Master Qui-Gon doesn’t seem to mind that Obi-Wan doesn’t talk. They communicate, though Anakin can’t see how. Wherever Master Qui-Gon goes, Obi-Wan is right beside him, like a shadow or a ghost. He seems to anticipate Qui-Gon’s needs before they can even be spoken. And when Qui-Gon looks at him, surprised, maybe, or grateful, the sadness vanishes from his eyes and they shine like the brightest stars in the sky.

Anakin is nine, and he thinks that maybe this is just how a Master and Padawan are supposed to be.

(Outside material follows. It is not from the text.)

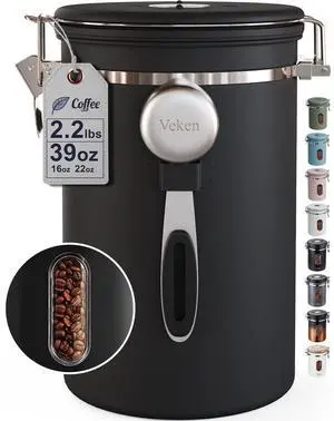 Large Coffee Canister with Window, Kitchen Food Storage Airtight Stainless Steel Container for 2.2lbs Coffee Beans, Grounds, Rice,Tea, Flour, Cereal, Sugar Jars,Date Tracker and Scoop 39oz,Black

But the day after the funeral, he enters their new quarters—_in the Jedi Temple!_—and finds pretty pink petals strewn across the room.

“Master?”

Obi-Wan still hasn’t said a word to him, not once, not ever, but he can hear him retching in the refresher. He should leave him alone and let him have his privacy, but curiosity killed the loth-cat as they say, so he tiptoes closer until he can see Obi-Wan through the unshut refresher door.

He’s on his knees, sobbing, choking, hundreds of soft petals, and bigger, twisted flowers gushing from his mouth with every painful gag.

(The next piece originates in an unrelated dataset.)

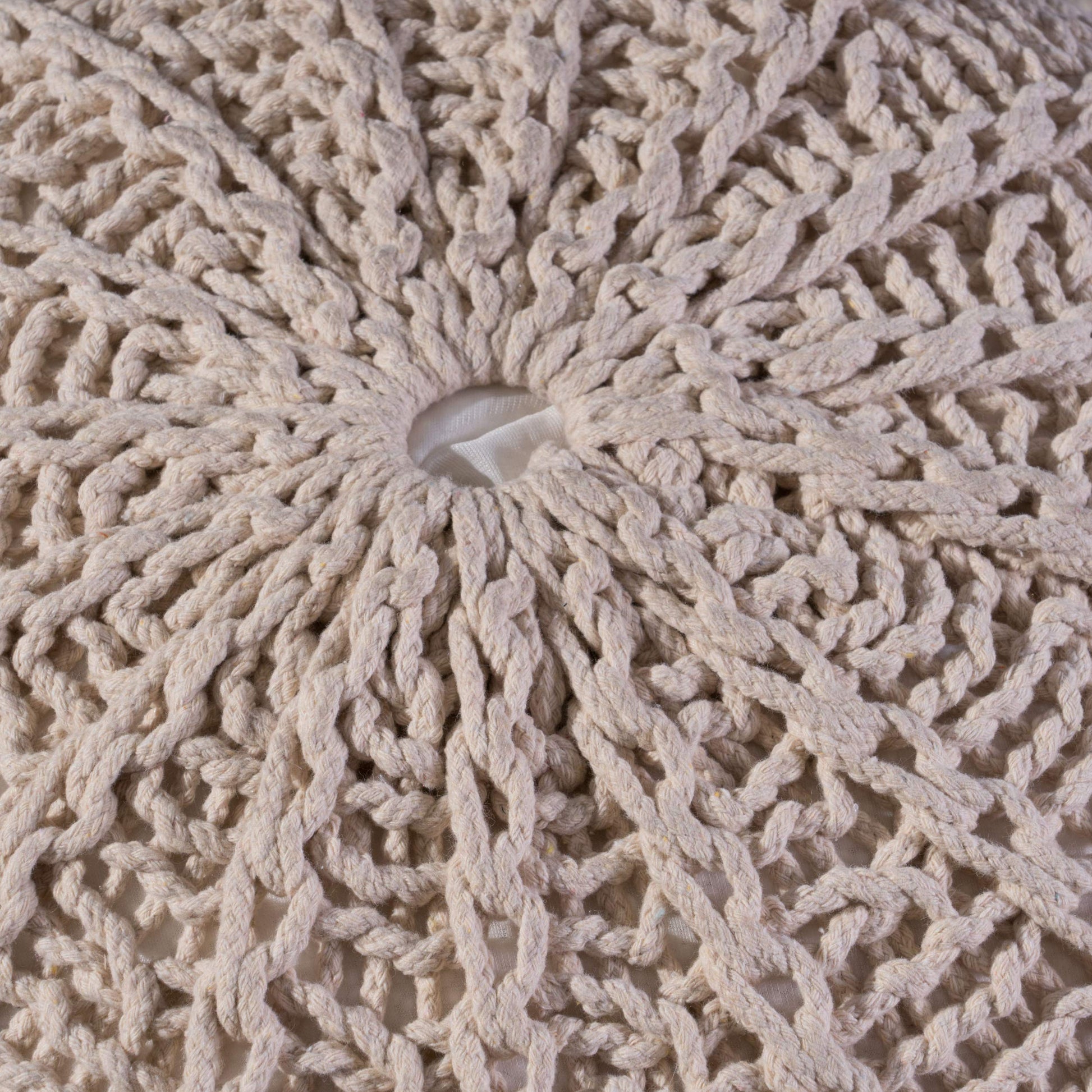 - Includes: One (1) Pouf. Material: Cotton thread. Composition: 100% cotton

Anakin does the only thing he can think of. He runs to get the Healer.

—

“Hanahaki disease,” he says, in a beautifully cultured, if a little hoarse, voice that is _perfectly_ Obi-Wan. “A hereditary illness from my home planet.”

“So you’re dying?” Anakin’s lost on the details, but that thought terrifies him. Master Qui-Gon already died; if Obi-Wan dies too, who will train him?

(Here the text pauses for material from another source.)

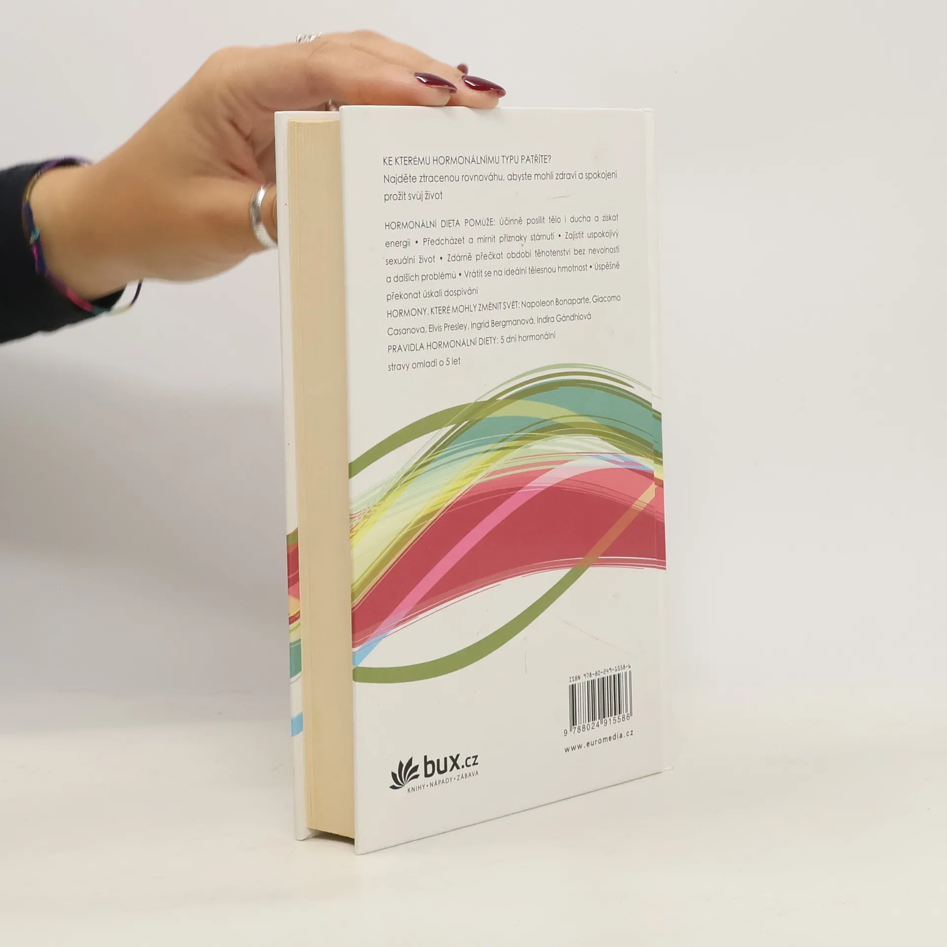 Ke kterému hormonálnímu typu patříte? Udělejte si test a najděte ztracenou rovnováhu, abyste mohli zdraví a spokojení prožít svůj život. Nová metoda a hormonální dieta pomohou: účinně posílit tělo i ducha a získat energii, předcházet a mírnit příznaky stárnutí, zajistit uspokojivý sexuální život, zdárně přečkat období těhotenství bez nevolností a dalších problémů, vrátit se na správnou tělesnou hmotnost. Pravidla hormonální diety zní: Pět dní hormonální stravy omladí o pět let.

Obi-Wan closes his eyes briefly, painfully, and shakes his head. “Not anymore.”

—

They never speak of it again. Obi-Wan recovers, and Anakin’s training intensifies until he can think of nothing but lightsaber forms and how deeply, _viscerally_ he hates meditating. Obi-Wan lectures him day-in and day-out, on anything and everything, and sometimes, briefly, Anakin wishes he was still mute.

He marries Padmé like he knew he always would, the galaxy is plunged into war, and then there’s no time to think of anything else except staying alive and catching Dooku.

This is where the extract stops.